Kathmandu, April 9 (Inditop) More than a dozen people were injured and a candidate was abducted as violence erupted in southern Nepal Thursday on the eve of by-elections for six parliamentary seats, an acid test for its ruling party of former guerrillas.
Almost a year after the sleepy Himalayan kingdom went to the hustings to end its centuries-old royal dynasty, the new republic will Friday hold bypolls for six seats that fell vacant due to five political heavyweights vacating a seat each.
They include Maoist Prime Minister Pushpa Kamal Dahal Prachanda and former PM Sher Bahadur Deuba.
The sixth seat was given up by lawmaker Ram Baran Yadav who was elected the first president of Nepal.

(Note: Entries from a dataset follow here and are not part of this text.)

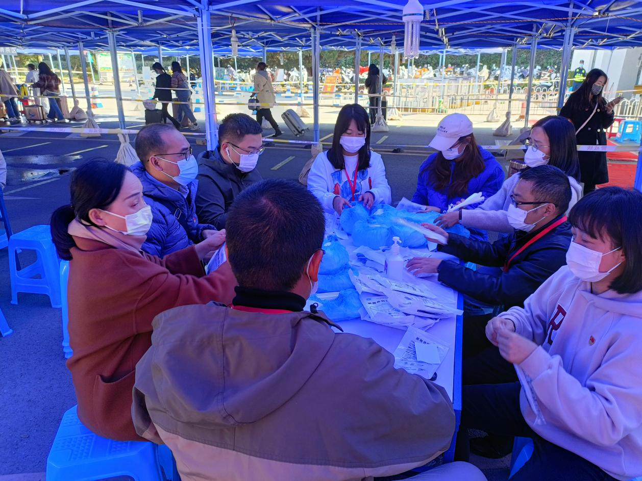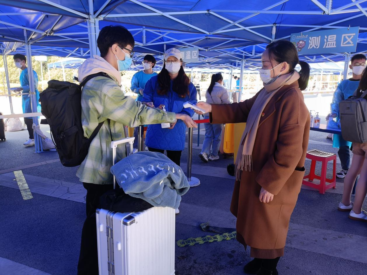 在职能部门党委第16党支部书记、校团委书记杨欣的带领下,党支部全体党员与150余名大学生志愿者共同为返校同学们提供消毒杀菌、更换口罩、搬运行李、查验健康码等服务,用实际行动诠释初心和使命,用真心筑牢校园安全防护墙,为全校学生安全返校保驾护航。
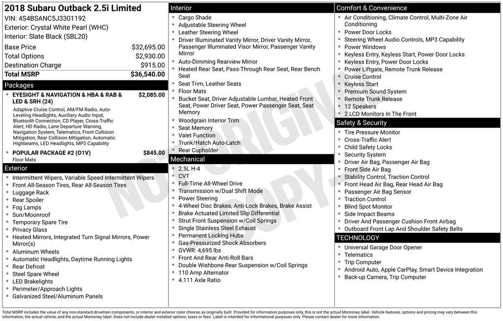 2018 Subaru Outback Crystal White Pearl 2.5i Limited AWD CVT Lineartronic 2.5L 4-Cylinder DOHC 16V 12 Speakers, Active Cruise Control, Alloy wheels, Anti-whiplash front head restraints, Apple CarPlay/Android Auto, Auto-dimming Rear-View mirror, Automatic temperature control, Brake assist, CD player, Compass, Driver door bin, Driver vanity mirror, Electronic Stability Control, Exterior Parking Camera Rear, Front anti-roll bar, Front dual zone A/C, Fully automatic headlights, Garage door transmitter, harman/kardon Surround Sound Speaker System, Heated door mirrors, Heated Reclining Front Bucket Seats, Illuminated entry, Leather Shift Knob, Low tire pressure warning, Memory seat, Outside temperature display, Panic alarm, Passenger vanity mirror, Perforated Leather-Trimmed Upholstery, Power Liftgate, Power moonroof, Rear window wiper, Remote keyless entry, Security system, Smartphone Integration, Steering wheel mounted audio controls, Steering Wheel Paddle Shift Control Switches, Telescoping steering wheel, Tilt steering wheel, Turn signal indicator mirrors, Variably intermittent wipers.
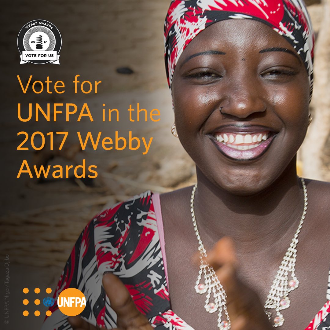 @TheWebbyAwards, the Internet’s highest honor. Vote for@UNFPA: http://bit.ly/UNFPA_Webbys#Webbyspic.twitter.com/SQTqKBER86 -

Violence erupted in Biratnagar town in eastern Nepal’s Morang district as the Maoists fought a pitched battle with former comrades who had quit this year to form a splinter group.
Headed by former Maoist minister Matrika Prasad Yadav, the defectors, who have their stronghold in the Terai plains, battled the Maoists for nearly four hours in the small hours of the morning till police intervened.
Nearly 15 people, including cadres from both sides, were hurt in the clash with three receiving bullet injuries.
Rallies and meetings have been prohibited in Biratnagar in the wake of the violence, police said.
In Dhanusha district in the Terai, the home of both the president and the dissident Maoist leader, a communist candidate was kidnapped in the morning, his party said.
Santosh Shah, who was contending for the seat vacated by the president, was abducted from a crowded bus park in the main town Janakpur.
An armed group calling itself the Terai National Liberation Army has claimed responsibility for the abduction.
Dozens of armed groups have been mushrooming in the plains since the fall of monarchy and many of them are opposed to elections.
According to the Election Commission, 139 contestants are in the fray for the six seats. Despite the spurt in the number of women contestants in the last election, this time only 10 women have put their hats in the ring.
The most prominent contestant is Chandra Mohan Yadav, the president’s son, who has been fielded by the opposition Nepali Congress. Like his father, Yadav too was a physician by profession who left his job as a radiologist at the country’s oldest hospital, Bir Hospital in Kathmandu, to join politics.
Friday’s bypolls will be a crucial test for the Maoists. Though the former guerrillas swept the historic election last year and succeeded in abolishing monarchy, they are now mired in a series of events that has tarnished their image.
While veteran Maoist leader Matrika Prasad Yadav split the party, the Maoists are also at loggerheads with their alliance partner, the Communist Party of Nepal-Unified Marxist Leninist.
Instead of fighting the bypolls in tandem with the communists, they are pitted against each other, which will weaken both and enable the regional parties from the Terai to improve their performance.
The Maoists are going to the bypolls with repeated murder charges levelled against their cadres.
In the latest incident, the former guerrillas are alleged to be behind the killing of a communist youth leader, Prachanda Thaiba.
Though the former rebels immediately announced they had expelled the alleged killer, it has been rubbished by the other parties, especially with the man immediately going underground.